Back in Massachusetts we knew a couple who lived aboard a 42-footer year-round in Salem. I don’t recall the cost, but spending the New England winters onboard with the condensation and cold walks to the shower is beyond what I could imagine, even if it was free.

—Ed Lawler, Richmond, Rhode Island

I am sure you can pay $9,000/season for a slip if you look hard enough.

We keep our powerboat at the Pattaconk Yacht Club in Chester, Connecticut. A 39-foot slip can be had for the season for $1,834—including power/cable/wifi. It’s not popular with sailors because it’s a long ride down the river to Long Island Sound.

Following are the rates at two other marinas surrounding the Long Island Sound.

Burr’s Marina in New London, Connecticut charges $39/foot for the season plus $130 for electricity. For our 39-foot boat, would cost $3,757 for the season.

Nearby, Pine Island Marina charges $108/foot for the season (and electricity is included), adding up to $4,212 for our 39-foot boat.

—Jim Long, Chester, Connecticut

Thank you for the perspective, Jim, these do sound like more affordable options. However, the pretty Pattaconk Yacht Club doesn’t seem like a fair comparison, given, as you acknowledged, the 2- to 3-hour motoring trip from the river to the sound just to pop the sails (and then the same motoring trip back to your slip).

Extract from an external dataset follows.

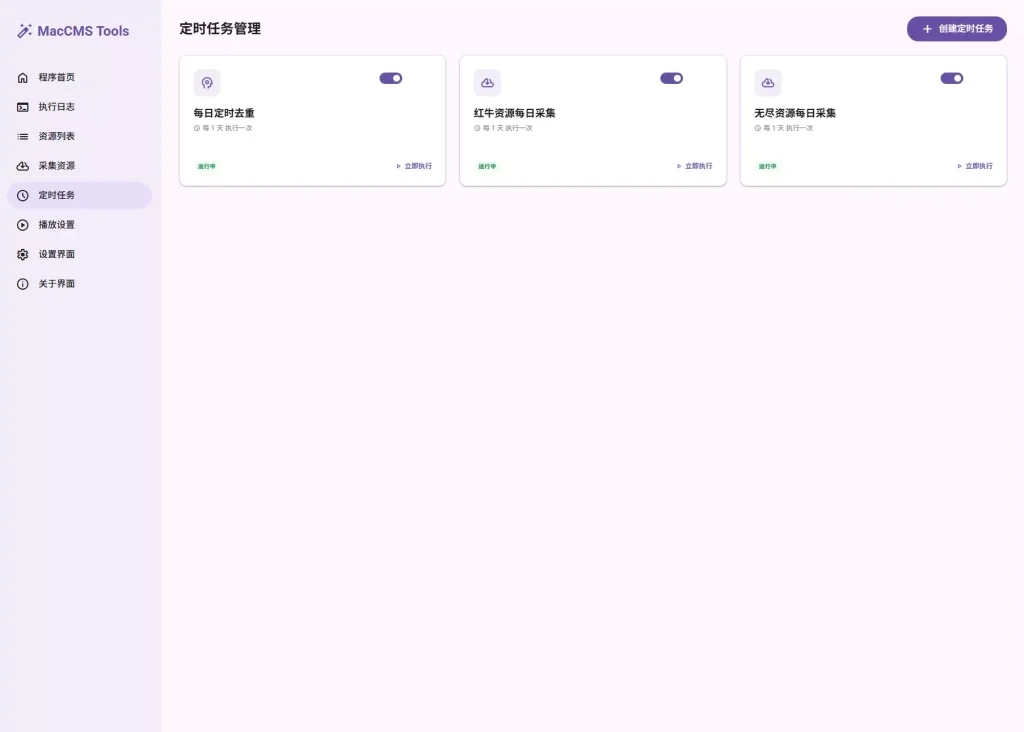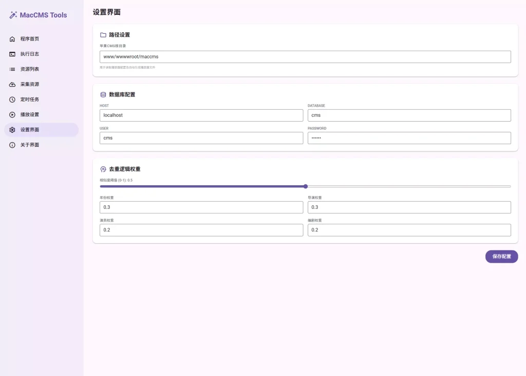 MacCMS Tools v2.0 的界面设计遵循Material Design 3(MD3)设计规范,强调质感、深度与动态感,为用户提供沉浸式、高效的操作体验。

The other two marinas seem like much more viable options—and definitely more reasonably priced than what others are paying nearby—but they’re still far more expensive than West Coast options. Comparing apples to apples, you’ve cited rates that range from $93/foot to $108/foot for 6 months. Compare that to rates that range from $60/foot to $90/foot for 6 months. Those latter rates are for 40-foot slips in large marinas in Alameda (Bay Area) and Ventura (Southern California).

Go figure.

Michael Robertson

I keep my Sabre 32 in Rock Hall, Maryland. For the 2021 season (4/15 – 11/15), a 40-foot slip is going for $5,500. This includes unlimited electric via 30-amp hookup, unlimited water, dock box, access to pool and free bath house, bikes, and kayaks. A monthly slip is $1,200.

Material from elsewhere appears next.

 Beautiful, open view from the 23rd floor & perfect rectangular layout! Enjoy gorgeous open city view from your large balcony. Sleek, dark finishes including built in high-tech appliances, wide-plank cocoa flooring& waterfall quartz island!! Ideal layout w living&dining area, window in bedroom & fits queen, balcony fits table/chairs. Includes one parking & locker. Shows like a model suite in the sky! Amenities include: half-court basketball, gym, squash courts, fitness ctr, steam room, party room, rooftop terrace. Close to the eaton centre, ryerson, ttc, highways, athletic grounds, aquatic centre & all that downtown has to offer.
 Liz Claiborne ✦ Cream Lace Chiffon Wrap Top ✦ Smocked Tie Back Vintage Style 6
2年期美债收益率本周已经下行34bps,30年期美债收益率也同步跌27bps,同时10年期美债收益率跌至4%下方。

I have a friend who lives in Warwick, Rhode Island. He can have the town install a mooring for $1,500 and pay a $100/year fee thereafter. I am insanely jealous of this.

—Andy Bohne, Chester Springs, Pennsylvania

I keep my Coronado 35 in Bayfield, Wisconsin, gateway to the Lake Superior Apostle Islands. My slip rental from mid-May to October is $4,200, which includes electricity, wi-fi, shower facilities, and a nice lounge.

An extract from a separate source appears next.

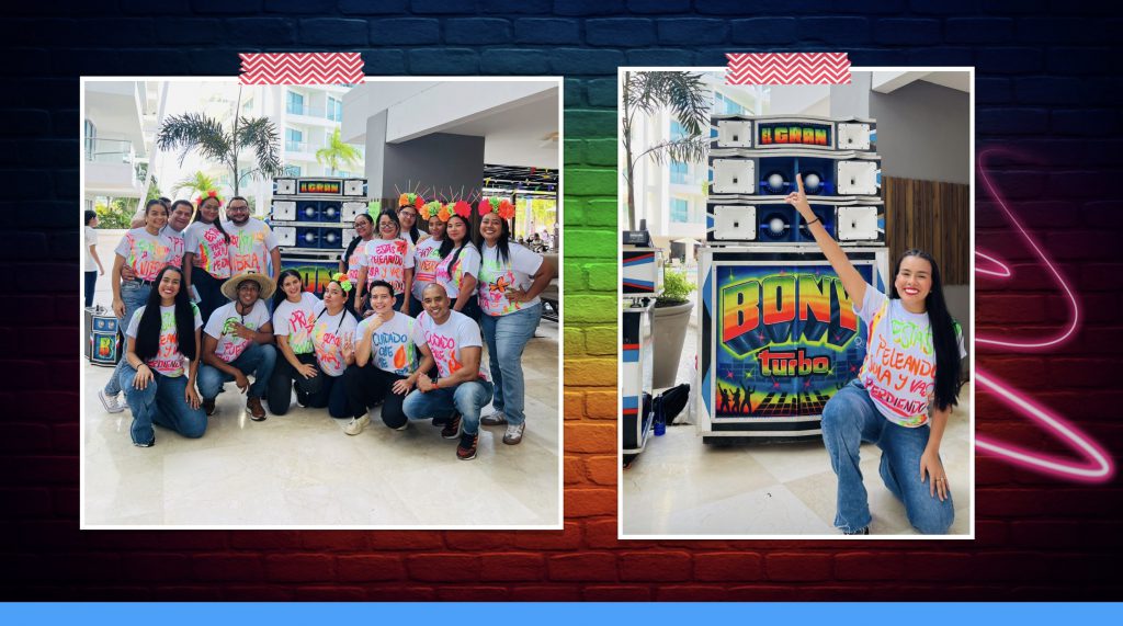 El resultado fue una jornada llena de alegría. Al ingresar al lobby, los visitantes se encontraban con un verdadero Picó, acompañado por luces de neón, música típica del Caribe colombiano y una atmósfera festiva que rompía con la rutina del check-in tradicional. Fue muy gratificante ver cómo los huéspedes reaccionaban con sorpresa y entusiasmo. Muchos se acercaban a preguntar qué era ese “equipo de sonido gigante”, otros reconocían los ritmos y comenzaban a moverse al compás de la champeta, y algunos incluso compartieron la experiencia en sus redes sociales.
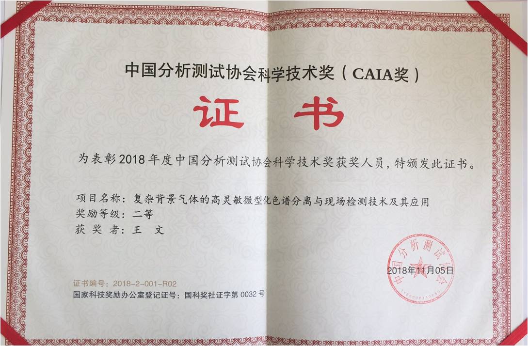 近日,声学所超声技术中心王文研究员及何世堂研究员等与中科院电子所联合申报的“复杂背景气体的高灵敏微型化色谱分离与现场检测技术及其应用”项目,荣获2018年度中国分析测试协会科学技术奖(CAIA奖)二等奖。

—Mike Montesinos, Gypsy Spirit

For a single night, transient slip in Sausalito, California, it costs $68. Granted, the docks are in excellent condition and water and electricity and restrooms are included. Everything in Sausalito is expensive, everything. Nice place though!

—Robert F. Neefus, Arcata, California

Robert, we know of what you speak: we were married at the Sausalito Women’s Club a couple of decades ago. Lovely and expensive town. But, consider how inexpensive that $68/night is when a transient slip at Kelley’s marina (see my text at the start and the view of Manhattan) is over $250/night.